Но все оказалось не так просто, как думалось Евгении Сергеевне.

Ни Силаков, ни сам Алферов заявление не подписали. Объяснили, что им нужен опытный бухгалтер, но при этом, как показалось Евгении Сергеевне, Алферов смотрел на нее виновато.

— Отдохните еще денька три и приступайте к работе, — сказал он. — Не имею я права вас уволить.

— Не имеете или не хотите? — спросила она напрямик.

— Евгения Сергеевна, вы же умный человек! Я думаю, вам надо продолжать пока работать у нас и не обращать ни на что внимания. А там посмотрим. Кстати, не забудьте подать заявление на дрова, зима на носу.

— Разве дело в дровах?

— И в дровах тоже, — сказал Алферов и развел руками.

Она все правильно поняла и пошла к Шутову, решила объясниться. Он встретил ее чуть ли не с объятиями.

— Кого я вижу! Поздравляю, от души поздравляю с выздоровлением! Признаться, напугали вы меня тогда. Надеюсь, теперь все в порядке?

— Благодарю за чуткость, — холодно сказала Евгения Сергеевна.

— А я вечерком сам собирался к вам зайти.

— Что-то не помню, чтобы я приглашала вас в гости.

— Не надо так, Евгения Сергеевна. Кто старое вспомянет… Все в прошлом, мы разобрались и даже гражданку Володину не стали привлекать по этому делу, но внушение сделали, а как же!..

— Я пришла спросить…

— Потом, все потом. Сейчас у меня для вас радостное известие. — У нее дрогнуло сердце и сделалось сухо во рту. Неужели что-то о муже?.. Она доверчиво взглянула на Шутова, тот улыбнулся и достал из стола письмо: — Вот, из Ленинграда. Я задержал, чтобы вручить вам лично.

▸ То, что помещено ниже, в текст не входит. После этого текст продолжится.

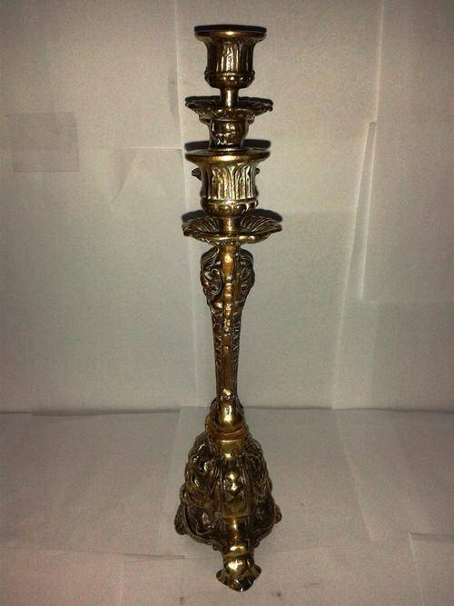 Striking brass candelabra with beautiful ornate detail. The candelabra makes an impressive impact in any setting. Solid, well made and brilliant cast work.

Письмо было от Клавдии Михайловны. Евгения Сергеевна вертела его в руках, не зная, что с ним делать. Хотелось тотчас прочесть, однако в присутствии Шутова она не могла этого сделать, хотя и понимала, что он наверняка письмо читал.

— Вы извините, — сказал он, поднимаясь, — но мне некогда. Катастрофически некогда! Опаздываю. — Он взглянул на часы и покачал головой. — Если у вас ко мне дело, заходите завтра. Нет, лучше послезавтра.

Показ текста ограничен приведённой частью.